Interestingly enough, Deep Fake technology can be used by just about anyone. There is a program called FakeApp that is allowing just about anyone to use and make their own Deep Fakes. All that is needed is a video, then the program will get to work, swapping the face with just about any celebrity you could think of. With this technology, scenes like the one above from Forrest Gump could be created in less than an hour and for free.
At the University of Washington, huge strides in Deep Fake technology are being made. By using high-quality, stock videos of President Barack Obama, an accurate recreation of him can be made1. By using 14 hours of stock footage from interviews, press releases, and other miscellaneous sources, the UW team was able to create an extremely realistic AI Obama1. If you have audio of Obama saying something you can accurately lip sync it with the neural network; the neural network can even account for changes in lighting1. This technology could have been used to edit and rearrange segments of campaign speeches or other online media featuring the president without the need of cuts.

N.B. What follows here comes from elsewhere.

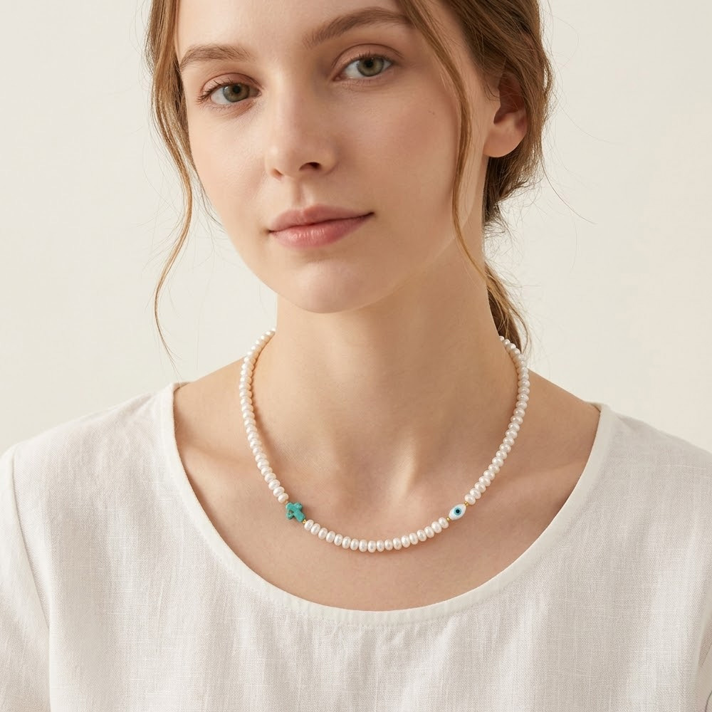 Το κολιέ κοσμούν ένας σταυρός από τιρκουάζ διαμέτρου 8x10 χιλιοστών και από την άλλη ένα μάτι από Mother of Pearl διαμέτρου 5x11 χιλιοστών ανάμεσα σε 4 χρυσές μπίλιες 14 καρατίων.
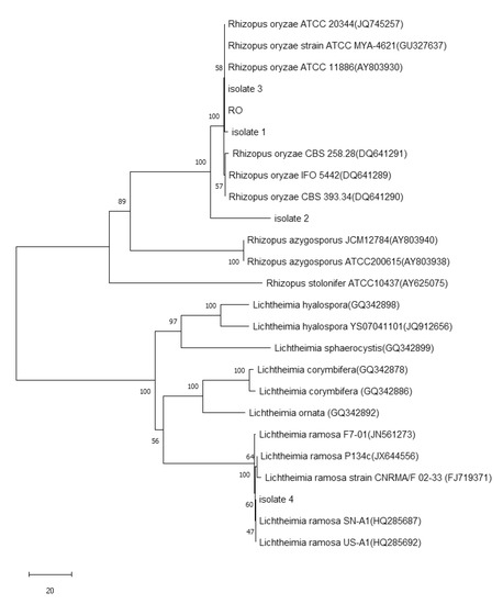 Based on the ITS tree (Figure 2) generated using neighbor-joining analysis, the Mucorales strains we used were divided into two groups, Genus Rhizopus and Genus Lichtheimia. Strains R. oryzae, R. azygosporus, R. stolonifera, L. hyalospora, L. sphaerocysis, L. corymbifera, L. omata and L. ramosa were also classified into specific taxa, respectively. Among the strains in this study, Isolate 1, Isolate 2, Isolate 3 and all R. oryzae strains were assigned to the same clade, the three isolates belonging to R. oryzae. Isolate 4 was found in the branch of the clade of L. ramosa in the group of Lichtheimia, indicating that Isolate 4 was a member of L. ramose.

Unfortunately, these advancements are just as easy to harness for malicious purposes, making some afraid of their possible deleterious applications. Some of the most vulnerable targets for Deep Fake abuse are politicians who can sometimes have 1000’s of unique, high-quality videos which can be used to create impeccable Deep Fakes3. Furthermore, with the power that many politicians wield, this impersonation could be disastrous: What if someone pretended to be Kim Jong Un, and started declaring war on South Korea? Or what if there was a real declaration of war from a real politician but it was dismissed because people thought it was a deep fake?
Furthermore, it is challenging to tell whether or not a video is real or a deep fake. If you have the original video, you may be able to analyze different compression patterns to determine whether or not they have been altered3-4. However, as you download and re-upload the video, specific colors and pixels can get distorted so unless it is the original video, this method is often ineffective4. The only other conceivable way of identifying real from fake is to find errors. If you go frame-to-frame, you may be able to see small mistakes or find moments where the face moves abnormally, but this requires a considerable amount of time as it requires you to analyze each frame. Thankfully, there is a more holistic approach that can be used. Since Deep Fakes don’t have access to much time analyzing blinks, blinks may appear very infrequently or not at all3. But, as more time goes on, Deep Fake creation will become objectively better, and these mistakes will become harder, or impossible, to find.
Thankfully, we may be able to fight fire with fire; we could use similar neural networks to help identify Deep Fakes from real videos. If we were to give a neural network a large group of fake and real videos, it might be able to parse out a real video from a fake, and with enough practice, it could be better than a human at finding fakes.
It may seem scary when you look only at the negatives, but Deep Fakes are a tremendously exciting technological advancement. In the near future, it may be possible that any of our content can be adapted to any language perfectly; Say “goodbye” to cheesy, poorly-dubbed karate movies, and “hello” to Deep Fakes!
 Suwajanakorn, Supasorn, et al. “Synthesizing Obama.” ACM Transactions on Graphics, vol. 36, no. 4, 2017, pp. 1–13.
 Viola, P., and M. Jones. “Robust Real-Time Face Detection.” Proceedings Eighth IEEE International Conference on Computer Vision. ICCV 2001.
 Chang, Ming-Ching, et al. “In Ictu Oculi: Exposing AI Generated Fake Face Videos by Detecting Eye Blinking.” Cornell University Library, 2018
 Shen, Tianxeng, et al. “‘Deep Fakes’ Using Generative Adversarial Networks (GAN).” University of California: San Diego, 2018.